Chmielówka comptait 374 paysans et était divisé en 3 métairies.12

Ce village, acheté par Jan Nepomucen à la famille Grabianki après 1830, fut repris par Ludwik qui construisit en 1867 un nouveau manoir dans le style néoclassique, où Jan Modzelewski, futur ministre de la Pologne indépendante en Suisse, vit probablement le jour le 7 avril 1875.13 On connaît uniquement la façade principale de cette demeure, par le biais d'une image accompagnée d'un texte descriptif. Malgré cette iconographie insuffisante, il est évident qu’elle présente le caractère typique du manoir des nobles polonais, répandu sur tout le territoire de l’ancienne République.
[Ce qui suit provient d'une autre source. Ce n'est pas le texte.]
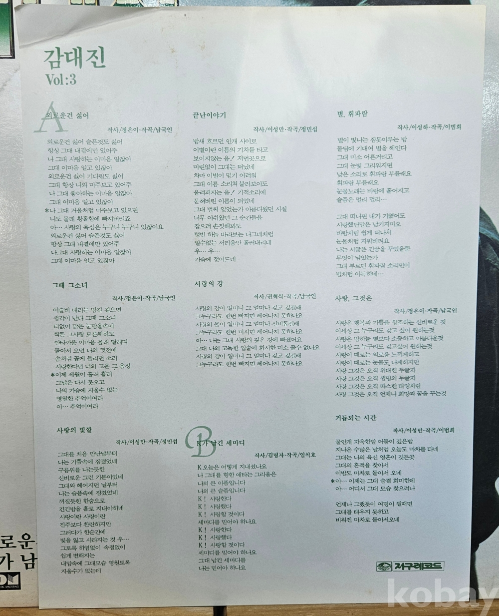 과거 인기곡이였던 [ 이선희 / 영 ] 작사가 [ 권혁식 ] 전설의 작곡가 故 남국인 콤비인 [ 사랑의강 ] 노래가 사랑받은 음반으로 희귀이며 상태도 좋습니다.
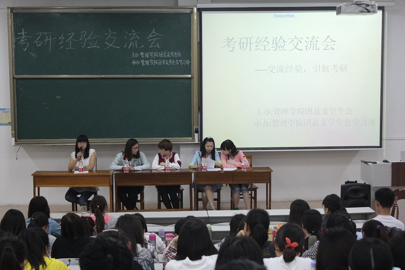 此次考研经验交流会吸引了众多具有考研意向的同学前来参加。在主持人简短幽默的开场白之后,各位优秀学生代表依次发言。五位嘉宾从自身考研经历出发,轮流讲述了考研心路历程和宝贵经验。分别就院校与专业选择,各门课程的复习规划以及考研过程中心理准备与调适等问题与同学们进行了交流。他们将自己的经验教训与同学们无私分享,谈吐之间透露出其语言功底的深厚扎实,风趣幽默的谈话更博得了同学们阵阵掌声。在期待已久的现场提问环节中,同学们纷纷就各自情况对考研各方面提出问题,嘉宾们也依据自己的经验和看法耐心地为他们进行了分析。嘉宾们倾囊相授,同学们细心聆听,整个交流会现场热情洋溢。最后,主持人进行了总结发言,交流会在同学们热烈的掌声中圆满结束。
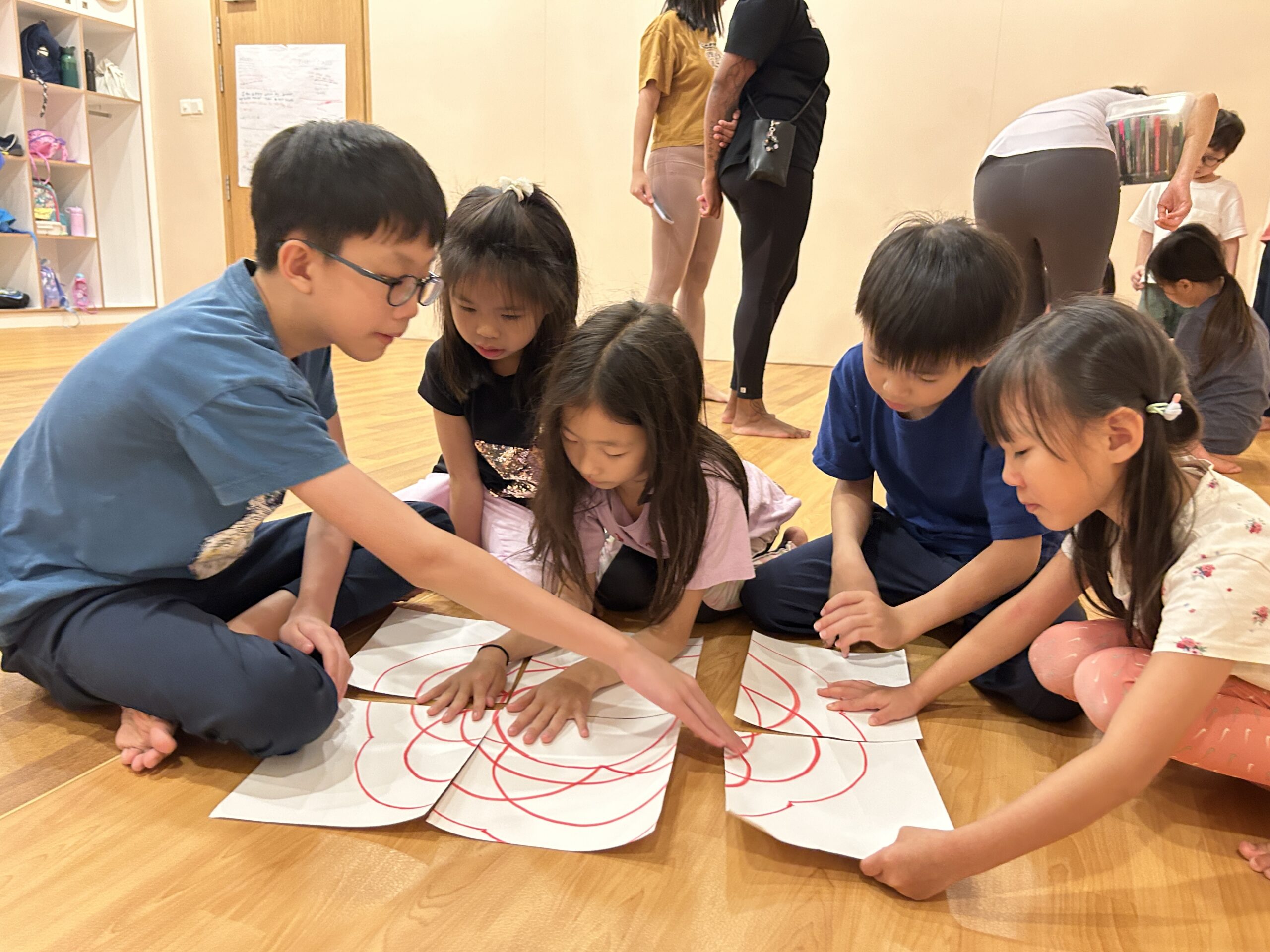 ✅ Explore body parts, location, personal space and their environment. Active use of arms, legs, trunk, hands, fingers, feet, and even toes and face through yoga, aerial play, and other physical activities.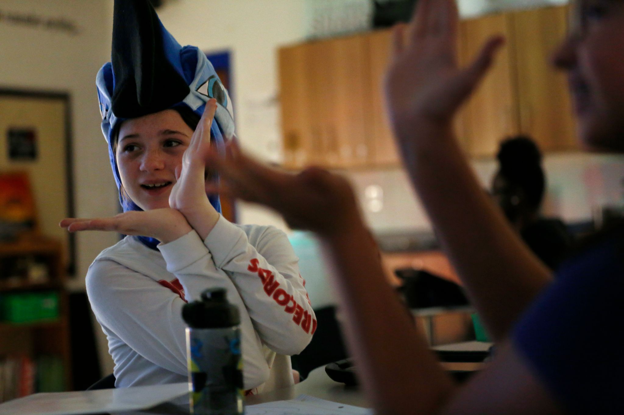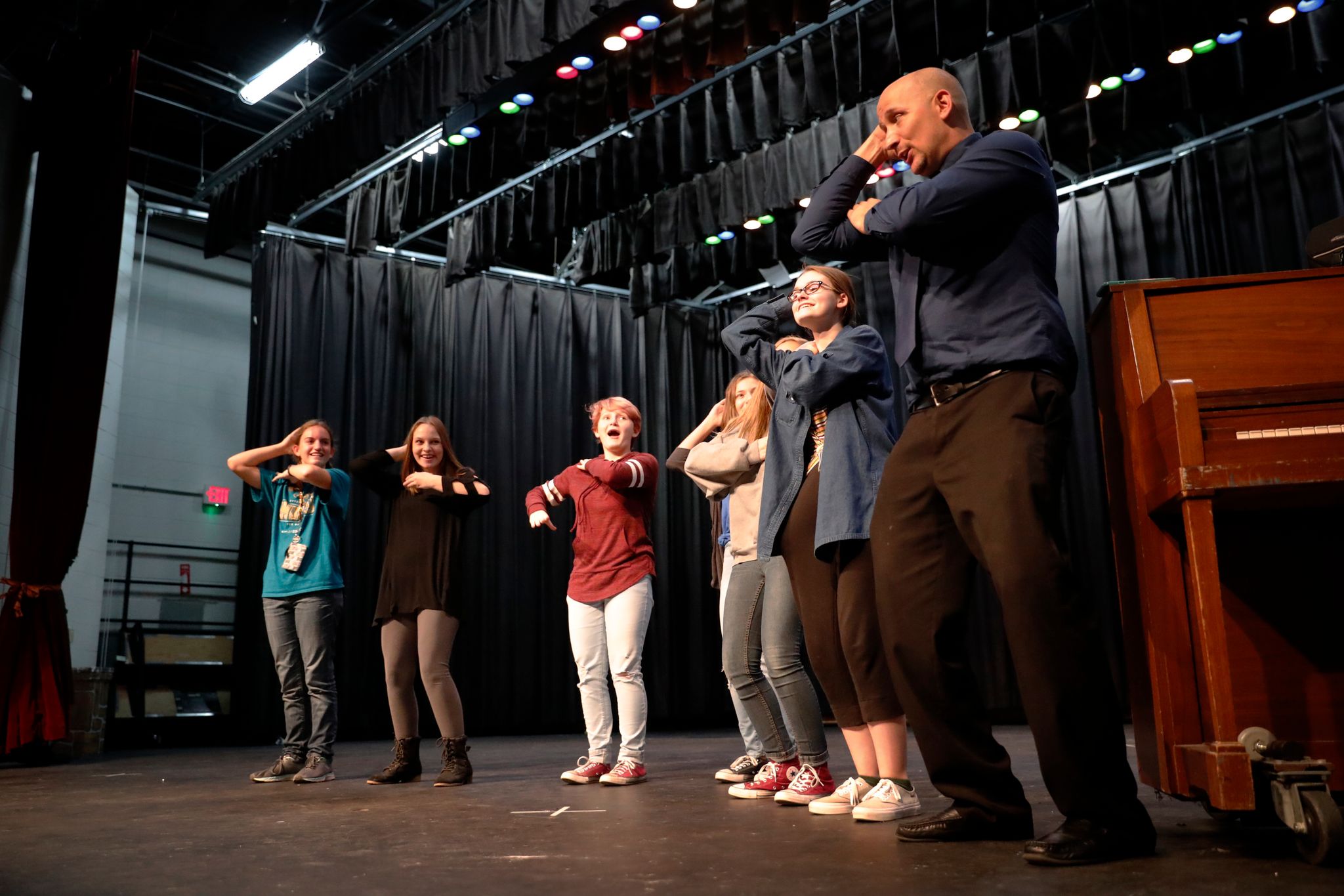 Caden Evans, a seventh-grade drama student, says Adam makes everything fun. “His class calms me down,” he says. “My other classes stress me out and then I come to his class and I feel better.”

Le bâtiment est construit sur un seul étage divisé en 9 axes, possède un plan rectangulaire et est couvert d'un toit à 4 niveaux. Dans sa partie centrale, il abrite un portique de 4 colonnes de style toscan, disposées de façon symétrique. Ces colonnes supportent l’entablement et le fronton surbaissé. La porte, terminée en demi-cercle, mène vers l'intérieur depuis le perron, sous les colonnes. L’élévation de chaque côté du portique met en valeur les fenêtres rectangulaires, en demi-cercle comme les portes. Les cadres des fenêtres, les pilastres entre les fenêtres, les coins et les colonnes peints en blanc contrastent avec le fond foncé des murs.14 Les multiples archives, meubles anciens et souvenirs du passé révèlent par ailleurs que la tradition était maintenue et avait une place importante à l’intérieur du manoir de Modzelewski.15

12 Słownik Geograficzny Królestwa Polskiego i innych krajow słowianskich, T. I, Warszawa, Nakładem

Filipa Sulimierskiego i Władysława Walewskiego, 1880, p. 592.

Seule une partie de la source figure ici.